I made my way back into the sanctuary to watch the second half of the movie, sitting on the carpeted floor by the heater and doing a bit of yoga. The credits began to roll and we made our way to the front for thank yous and announcements and all of that. People lined up to buy DVDs and Sally set up a word document, to create a backup plan in case we ran out. We almost did.
Joseph played an aching tune on the piano as we set up chairs, creating an oblong circle with the pews at the front. Thirty five of us sat in circle, and that same quiet sober feeling we’ve been noting was in the room as we spoke. Great sadness was there. A bit of shame. A touch of anger and frustration. And a good deal of hope and gladness and powerful energy and appreciation. To be talking about these things, to be speaking out from the tangle of lies and secrets and delusions in which we are so often caught, to sit in circle with others and be allowed to feel what we feel, to know we are not alone, not crazy, to walk through this present predicament together, to face into the world as it is and not be undone by that, this is truly a remarkable experience for many who sit in these circles. There is more than sadness and fear and anger here, and people begin to feel that for themselves… that maybe our present predicament, maybe this thing that looks like a scary problem, is actually the good news, for it heralds an end to the insanity in which we live.
We spoke of many things in Vancouver, of hopes and plans and dreams, of hopelessness and planlessness and dreamlessness. We spoke of responses to make and paths to walk. We spoke of our own lives. And at the end, as we Boomers moved into packing up and heading out mode, in order to get our tired selves back into our warm beds, we noticed that a sweet circle of young people had formed in the front, connecting and planning their next step…
We drove back to Nic and Vivienne’s for a cup of hot tea and a cookie or three, again unwinding from the event’s energy. We scratched the cat and spoke of the coming storm and then retired for our night’s rest.
I sit now in this floating home, looking out the windows upstairs as the rain falls.
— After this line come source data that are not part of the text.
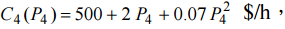 四、某電力系統含四座發電廠,且燃料成本函數(Fuel-Cost Function)分别為
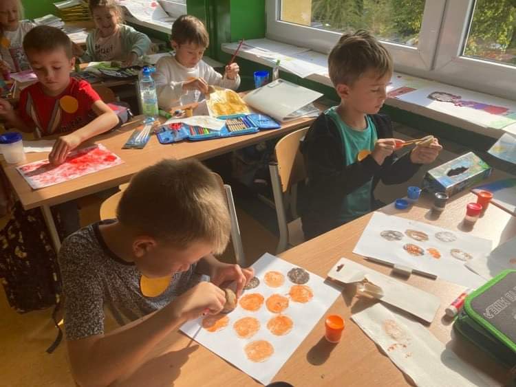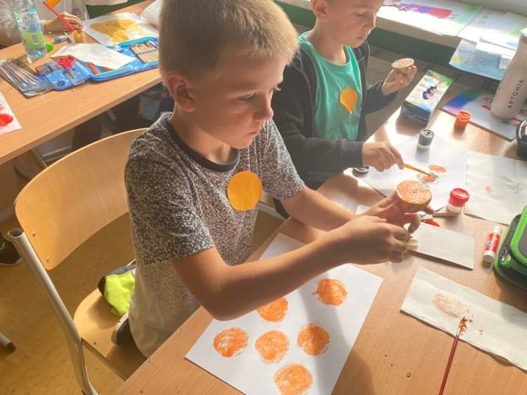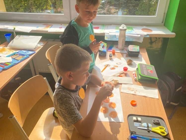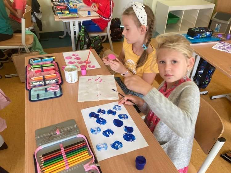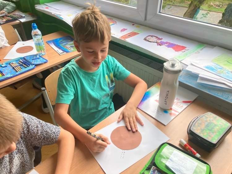 15 września obchodzony jest Międzynarodowy Dzień Kropki. Jest to święto odwagi, kreatywności, odkrywania talentów, a przede wszystkim wspaniałej zabawy. Dzień Kropki dla uczniów klasy 1 zorganizowała p. Beata Kalińska - bibliotekarka. Nie zabrakło czytania książki "Kropka", której bohaterką jest mała Vashti, która dzięki malutkiej kropce i nauczycielce plastyki uwierzyła w swoje możliwości oraz rozmowy na temat opowiadania. Po pogadance uczniowie postanowili pokazać swoje talenty i przystąpili do wykonania swoich kropkowych dzieł.
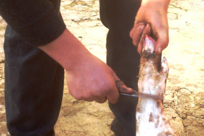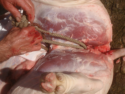 Desde criança que não via uma matança do reco. Causou-me, por isso, alguma estranheza, ver a pele do animal ser raspada com enxada.
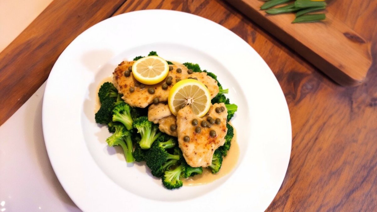 Tigaie de pui cu sos de lămâie și capere cu garnitură de broccoli
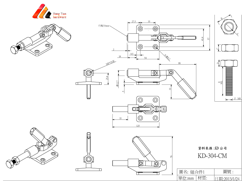 型號 夾持力 把手移動角度 行程 重量 零件規格 備註
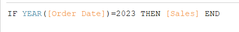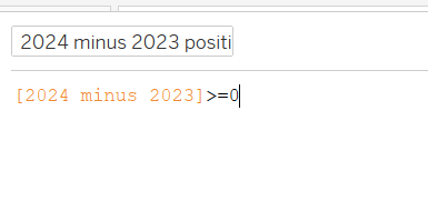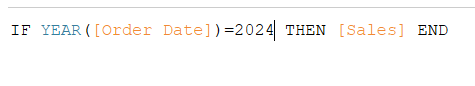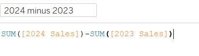 The first thing to do is to create two aggregated fields; 2023 sales and 2024 sales. These can be done with If statements as below:
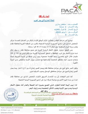 الهيئة العامة للطيران المدني تصدر التنبيه رقم( 6 ) حول الحالة المدارية في بحر العرب.
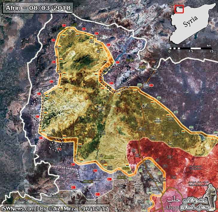 9 марта турецкие формирования продолжили пытаться блокировать Африн, проведя наступление к северо-востоку, западу и югу от подконтрольного YPG города.
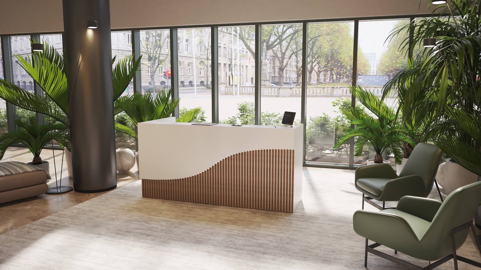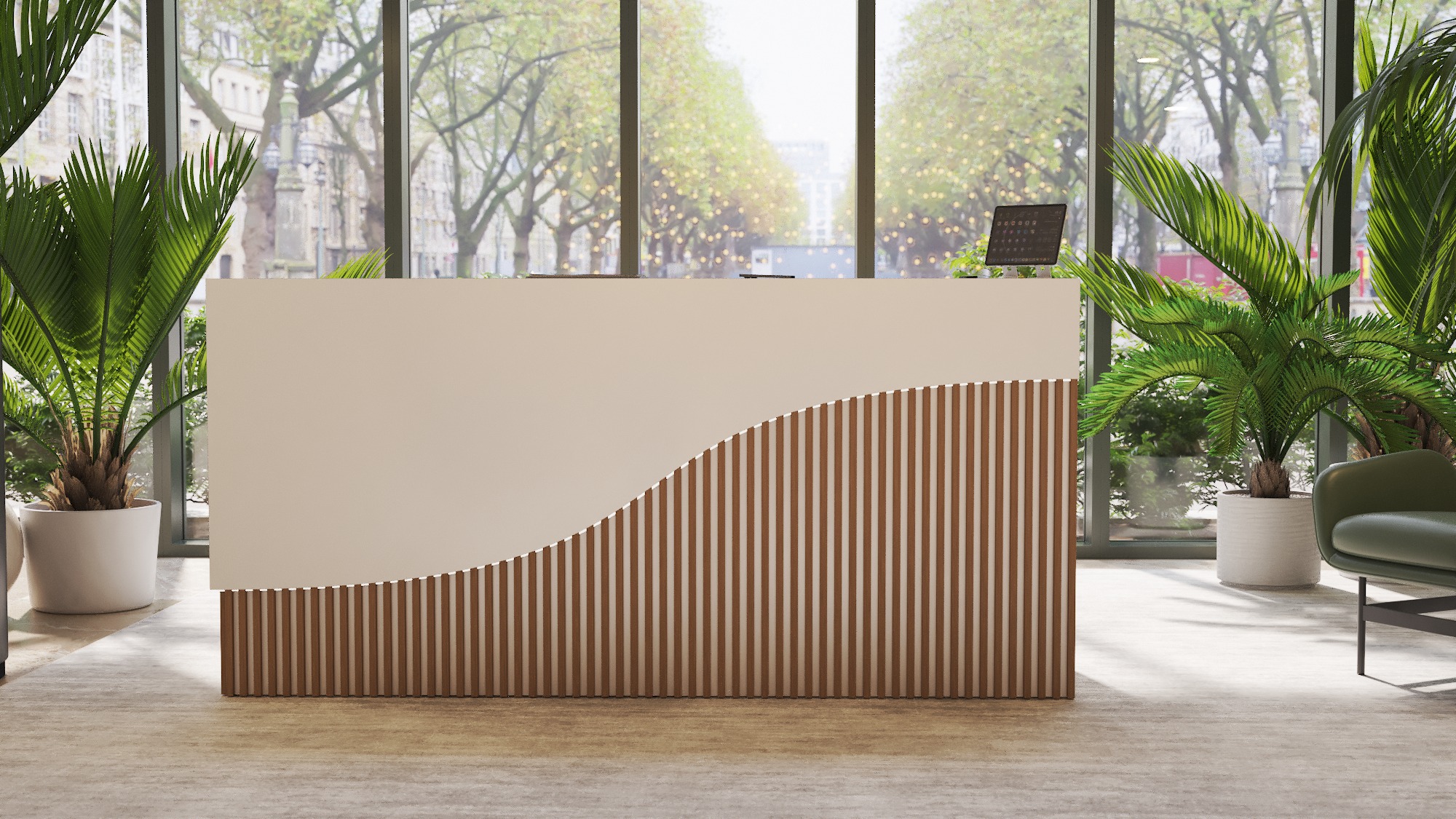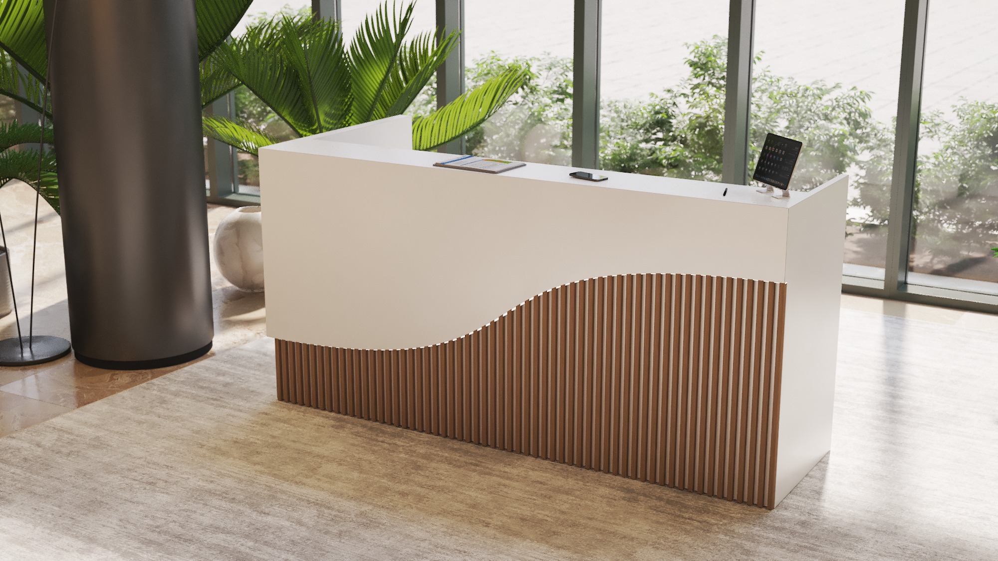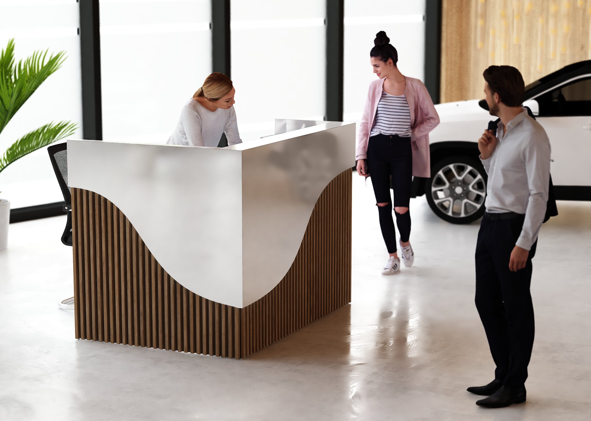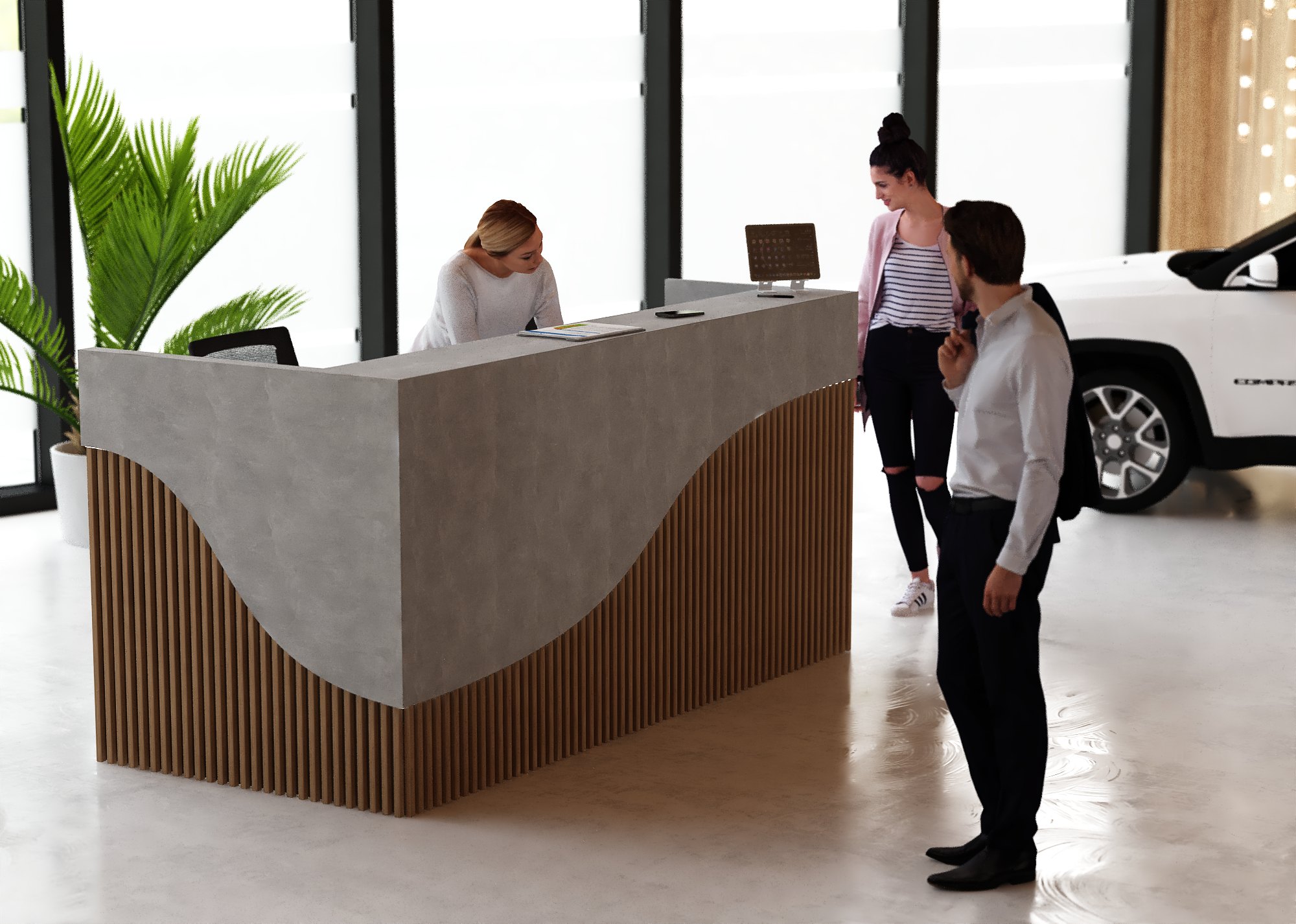 • Część frontowa recepcji o wysokości 115 cm zapewnia komfortowe miejsce do pracy
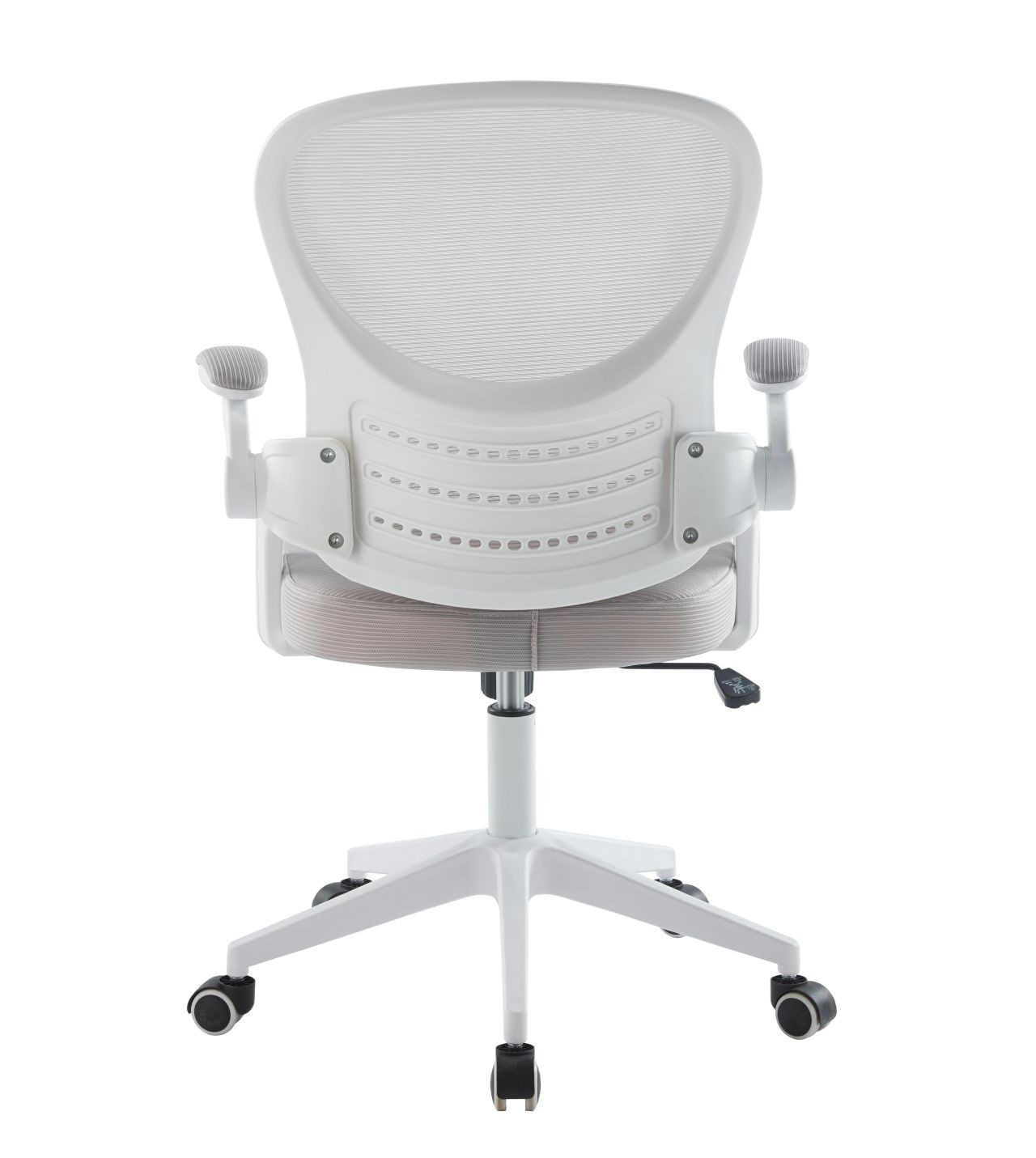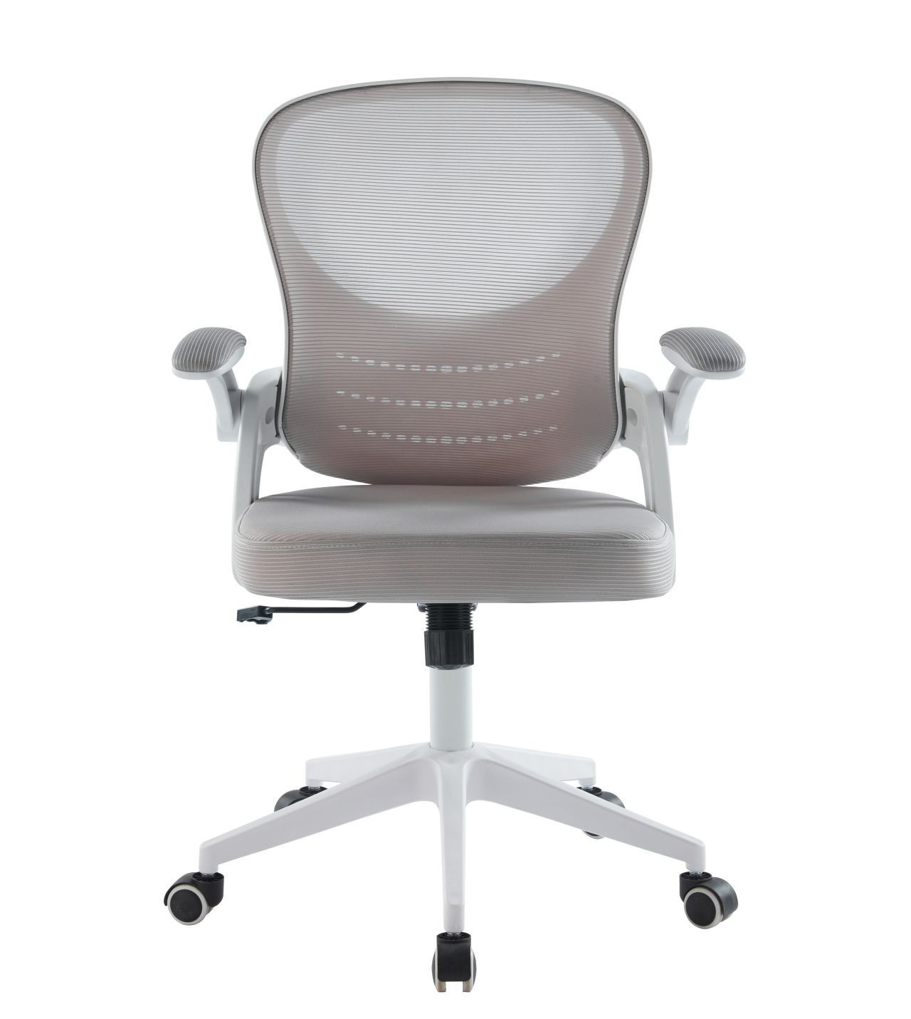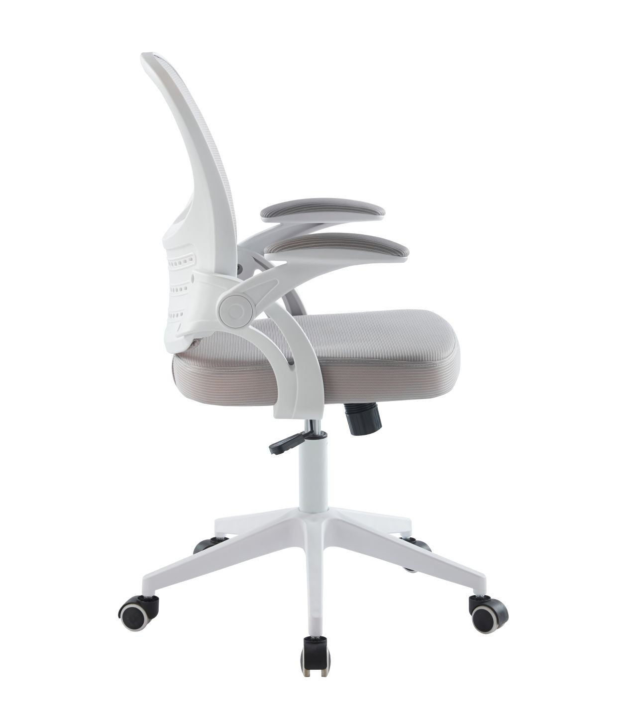 Rozměry: - celková šířka: 65 cm - šířka sedáku: 49 cm - hloubka sedáku: 47 cm - šířka opěradla: 51 cm - výška opěradla: 49 cm - celková výška: 97-107 cm - výška sedáku: 49-59 cm - výška područek: 69-79 cm Materiál - čalounění: membránová tkanina + síťovina - základna: PP plast Barva: - sedák + opěradlo: šedá - základna + područky: bílá Další: - mechanismus TILT - zvedací (skládací) područky
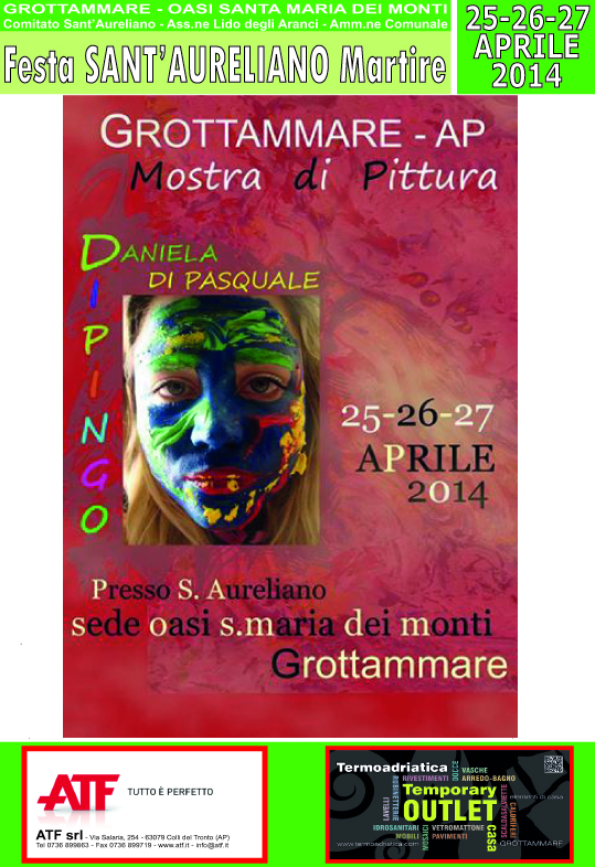 GROTTAMMARE – Quest’anno durante i tre giorni della festa di Sant’Aureliano sarà presente presso il chiostro del convento la mostra dell’artista emergente Daniela Di Pasquale che nonostante la giovanissima età ha già dimostrato tutta la sua bravura sia in Italia che all’estero.

A Great Blue Heron flew right at us a moment ago, veering up before it reached the house. I notice, as I write this, that I am in that place of which Mr. Stevens sings. I’m in love with everything right now, with the life all around me, with the people I am encountering, and it makes me feel sad, that love… that love. Underneath the anger and frustration and disgust with my fellow clever monkeys, there lies a deep love for them, and for the this beautiful world, and I’m finding that love just as the world itself is unraveling, as those clever monkeys, many of them, most of them, descend further into delusion and desperate destruction. Deep sadness fills my broken heart, to find love in this time of loss…
Thank you, Vancouver. Thank you Vivienne and Nic and Phil and the many others who helped make this part of our journey such a success. We wish you all the very best as the present moment slides into the future.
It’s my day off.
I think I smell coffee down on the first floor.
I’ll be back in a few…
Tim
October 18th, 2007 at 2:39 pm
I much enjoyed the event in Ladner, which is a sleepy burb where nothing much happens; not end of the line like Bellingham for disaffected Americans who head for the West Coast and then turn North until they hit the border.
A poet and writer whose work helped me get started as an activist with Sierra Club years ago, Robinson Jeffers, had a similar message to Way to Go;
… Organic wholeness, the wholeness of life and things, the divine beauty of the universe. Love that, not man
Apart from that,or else you will share man’s pitiful confusions, or drown in despair when his days darken.
Not Man Apart
November 13th, 2007 at 7:51 am
Thanks, John. I’ve heard the phrase “Not Man Apart” before, but didn’t know where it came from. Glad you made it to Ladner.